The One That Got Away
By Harry G. Lee
     The name Charles W. Johnson is a familiar one to many collectors and students of malacology, particularly those who live and collect in our neck of the woods. Johnson lived in St. Augustine as a lad and began his studies of mollusks there. Later he moved to Philadelphia where he curated several collections and made contributions in malacology, paleontology, and the study of dipterous flies.

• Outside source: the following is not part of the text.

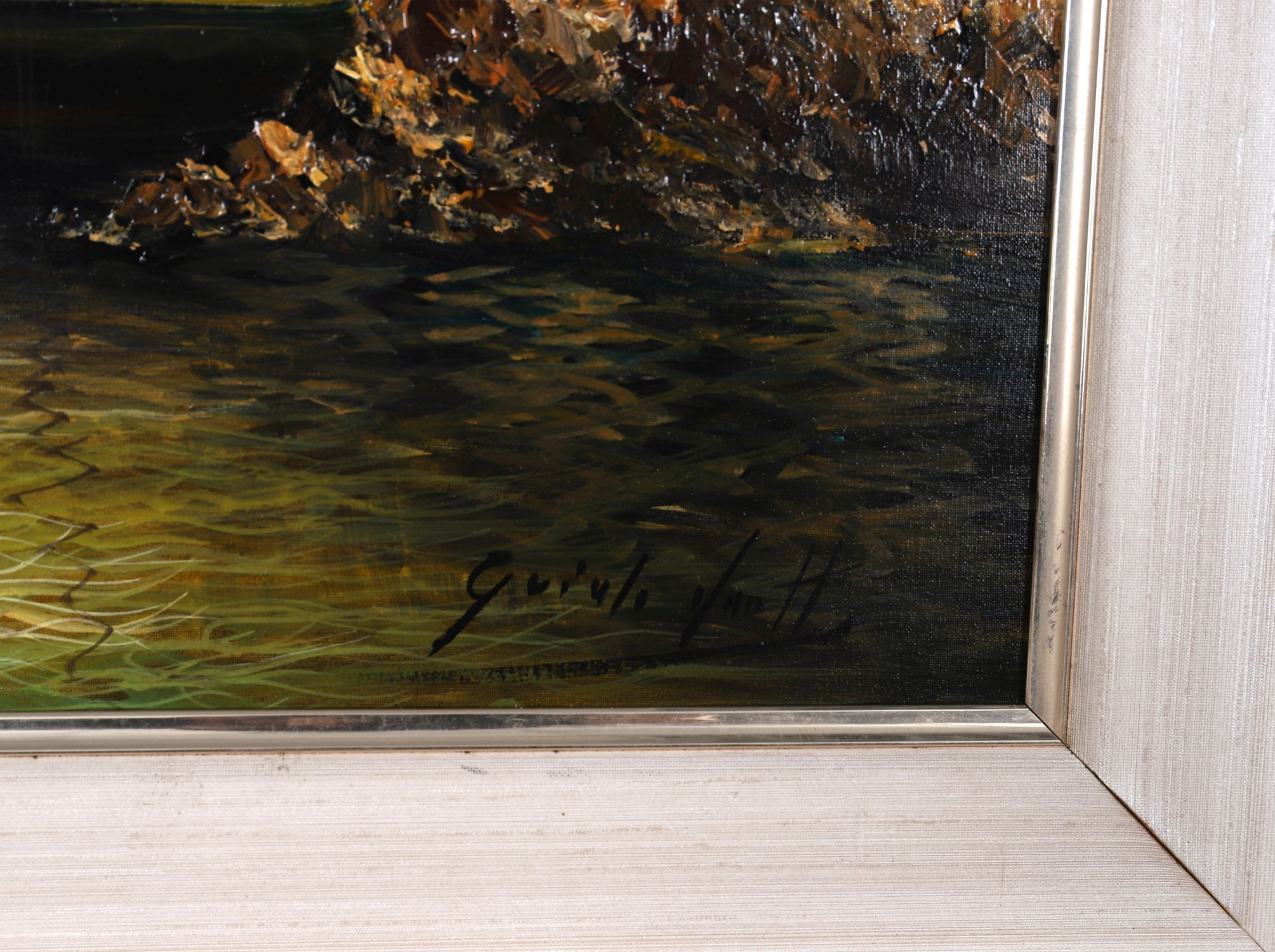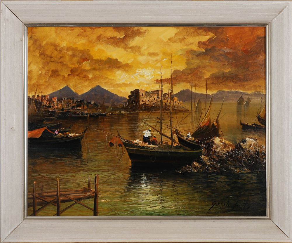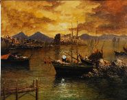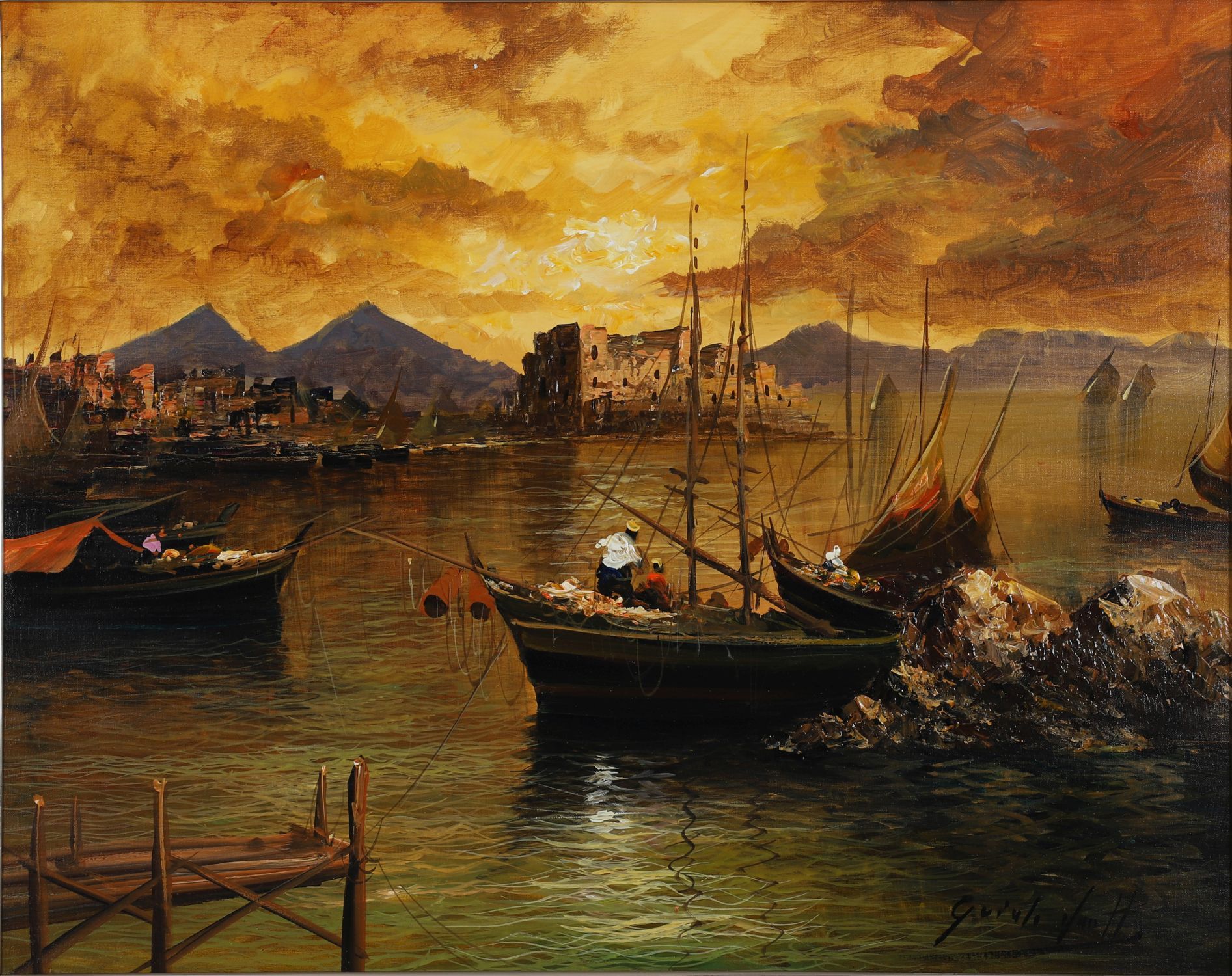 Oil on canvas, depicting fishing boats at dock before the Bay of Naples, Mercellino, with Vesuvius and dramatic golden sky beyond. Framed. Signed oil on canvas.

      He was an excellent field man, and in 1900 the Philadelphia Academy sent him to his former home state in search of Tertiary fossil material. Johnson collected in the limestone-rich area between the Appalachicola and Chipola Rivers in the Florida Panhandle. He was an inveterate collector, and when the fossil hunting was exhausted, he tried his hand at land snails on several occasions. Near the end of the trip he missed a train connection and was forced to stay over night at Marianna, Florida. Earlier he had noticed a particularly appealing spot on the bank of the Chipola River. He arose quite early on the day of his departure and walked the mile to the river and made a collection. In his report in The Nautilus he described the station as "... an ideal collecting ground; limestone, moisture, varied vegetation, a cave and an old quarry with moss-covered rocks in all directions ... just what the snails want, and visions of a new species or variety formed an active stimulant; for I felt sure that Hemphill, Ferriss, and Sargent had not been there." Johnson had good luck, collecting some fifteen species of land snails including a sinistral specimen of Anguispira alternata.* With his usual careful attention, he noted that one species, Polygyra stenotrema, was a new Florida record. He was nonetheless crestfallen as he went on to say "But alas, while the snails were thick, a nov. sp. was not to be found by 'dis chile'."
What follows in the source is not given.